The irony: we were training for a study investigating power relations between and among men and women.

The study, “Gender inequality: A barrier to household climate adaptation behavior,” is funded by the CGIAR Research Program on Climate Change, Agriculture and Food Security. Increasingly, climate change adaptation interventions are acknowledging women’s indispensable role in agriculture and attempting to involve women in such efforts. In southern Bangladesh, WorldFish is delivering two climate-smart agricultural innovations (fish cages and pond polyculture) to increase resilience in the face of climate risks and is targeting poor women as recipients.

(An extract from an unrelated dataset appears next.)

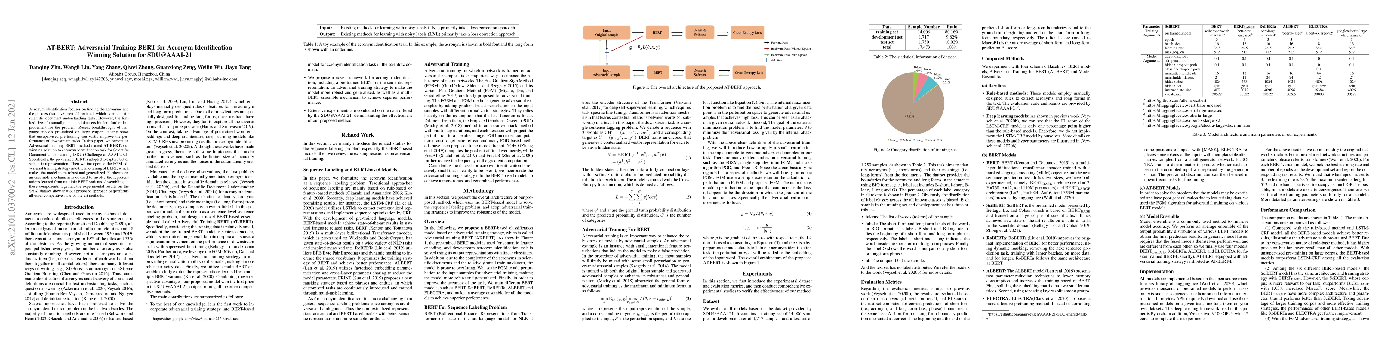 The paper introduces AT-BERT, an Adversarial Training BERT method that enhances acronym identification in scientific documents. By combining BERT's semantic representation with adversarial training and an ensemble mechanism, AT-BERT achieves superior performance in the SDU@AAAI-21 challenge.

However, it is not certain that these targeting efforts actually allow women to use or benefit from agricultural innovations or that targeting alone will increase gender equality. In fact, women-sensitive adaptation projects can have the opposite effect unless they are designed and implemented in a gender-sensitive (or even gender transformative) way.

In response, this specific study aims to investigate how gender shapes the uptake and sustained usage of these two ‘climate-smart’ agricultural innovations. Through in-depth qualitative research methods and tools, we hope to begin to flesh out how power is constituted in actual interpersonal relationships (between wives and husbands, between an individual and her neighbor, or between an individual and a community leader or a local ‘expert’, for example). How do women’s close relationships shape who uses, owns or benefits from new agricultural innovation? How are the technologies and/or relationships themselves adapted, mediated or negotiated by the various actors?

How do we encourage researchers and partners to be conscious of their own positions of power vis-à-vis their research team and participants? Taking a gender transformative approach means not only finding effective ways to research the uneven power relations that limit the potential of agricultural development interventions, but also querying and challenging power dynamics in the research process itself to achieve lasting, deep and widespread impacts from this research.

As researchers, we spend a lot of time studying others. But, as this training session made clear, we also need to look at ourselves, to reflect on our positions, how we treat others and how this shapes the research process, even before the real ‘research’ begins.